══ DATASET CONTENT ══

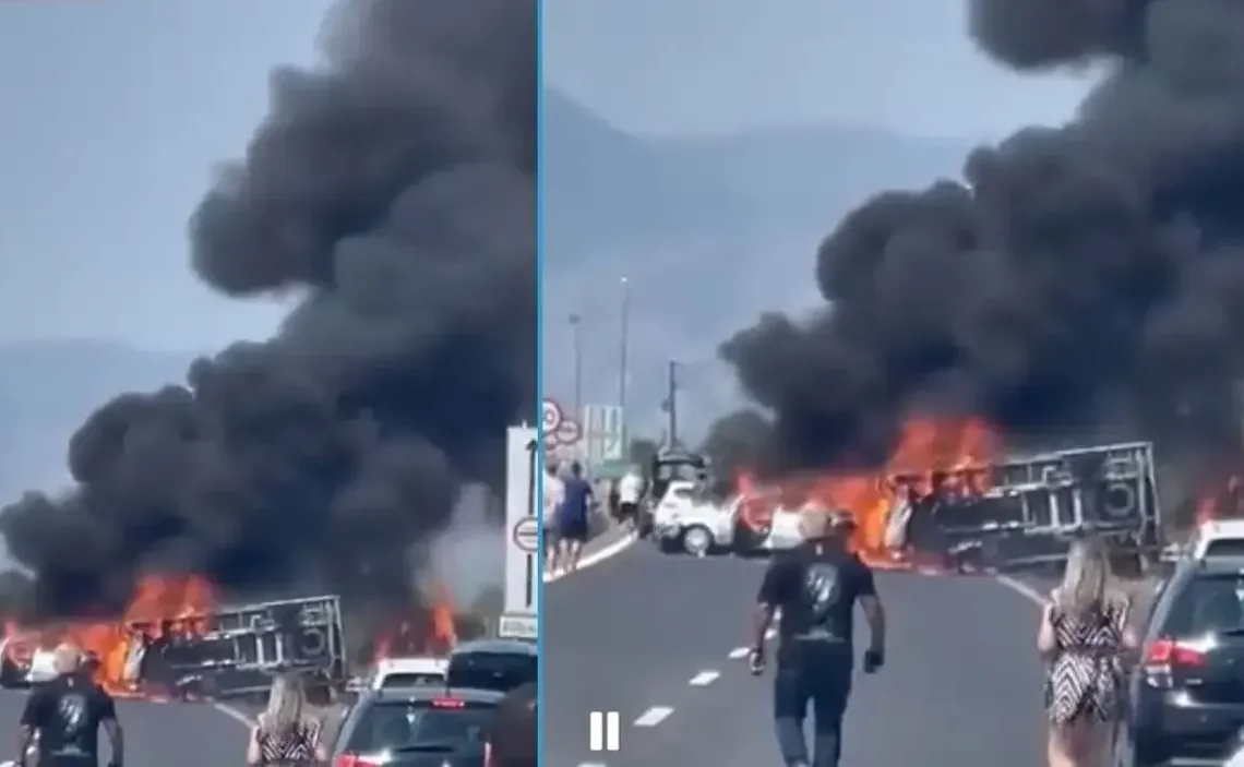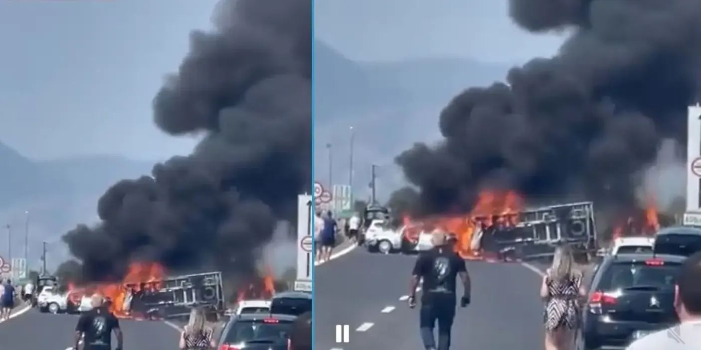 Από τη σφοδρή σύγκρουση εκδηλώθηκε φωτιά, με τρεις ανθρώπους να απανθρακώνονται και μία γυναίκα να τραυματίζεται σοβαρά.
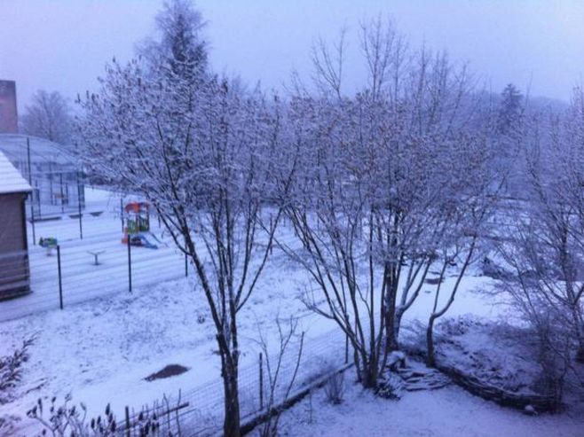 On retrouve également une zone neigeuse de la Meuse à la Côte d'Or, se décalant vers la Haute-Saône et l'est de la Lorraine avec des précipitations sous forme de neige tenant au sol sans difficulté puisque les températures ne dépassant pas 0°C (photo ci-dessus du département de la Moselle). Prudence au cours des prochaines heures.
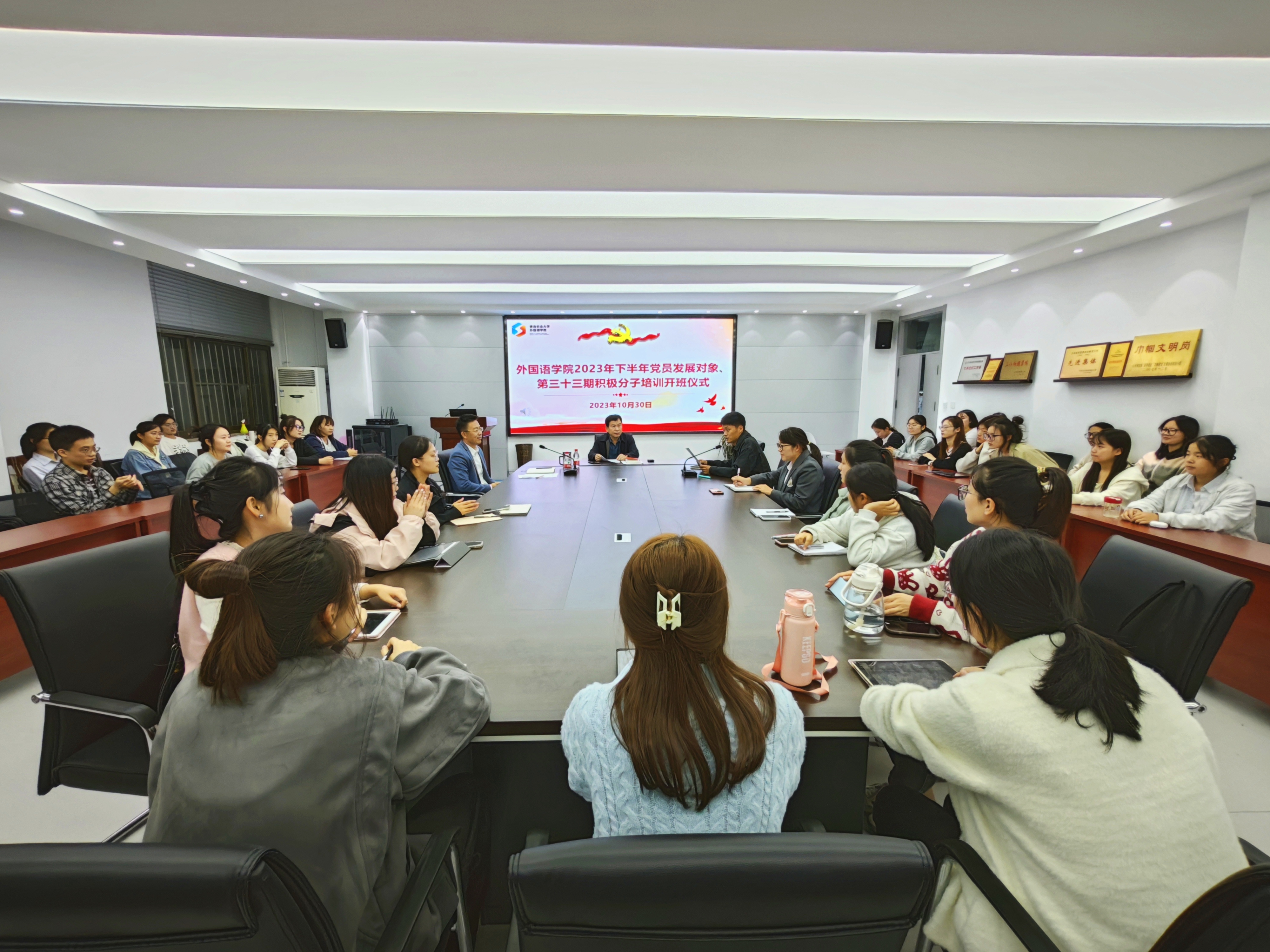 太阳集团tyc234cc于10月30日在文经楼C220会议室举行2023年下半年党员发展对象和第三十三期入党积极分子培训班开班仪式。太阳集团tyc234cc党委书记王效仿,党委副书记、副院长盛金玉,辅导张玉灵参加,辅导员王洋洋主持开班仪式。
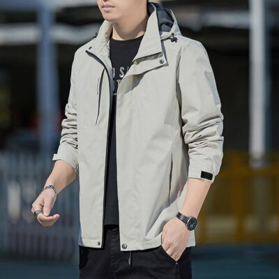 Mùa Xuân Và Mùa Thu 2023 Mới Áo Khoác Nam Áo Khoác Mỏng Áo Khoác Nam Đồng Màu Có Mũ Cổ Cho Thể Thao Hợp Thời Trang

═══

*WORK TASK:* The answer must be the data above, repeated exactly, with no pictures.

*SOLUTION TO THE EXERCISE:*
 Από τη σφοδρή σύγκρουση εκδηλώθηκε φωτιά, με τρεις ανθρώπους να απανθρακώνονται και μία γυναίκα να τραυματίζεται σοβαρά.
 On retrouve également une zone neigeuse de la Meuse à la Côte d'Or, se décalant vers la Haute-Saône et l'est de la Lorraine avec des précipitations sous forme de neige tenant au sol sans difficulté puisque les températures ne dépassant pas 0°C (photo ci-dessus du département de la Moselle). Prudence au cours des prochaines heures.
 太阳集团tyc234cc于10月30日在文经楼C220会议室举行2023年下半年党员发展对象和第三十三期入党积极分子培训班开班仪式。太阳集团tyc234cc党委书记王效仿,党委副书记、副院长盛金玉,辅导张玉灵参加,辅导员王洋洋主持开班仪式。
 Mùa Xuân Và Mùa Thu 2023 Mới Áo Khoác Nam Áo Khoác Mỏng Áo Khoác Nam Đồng Màu Có Mũ Cổ Cho Thể Thao Hợp Thời Trang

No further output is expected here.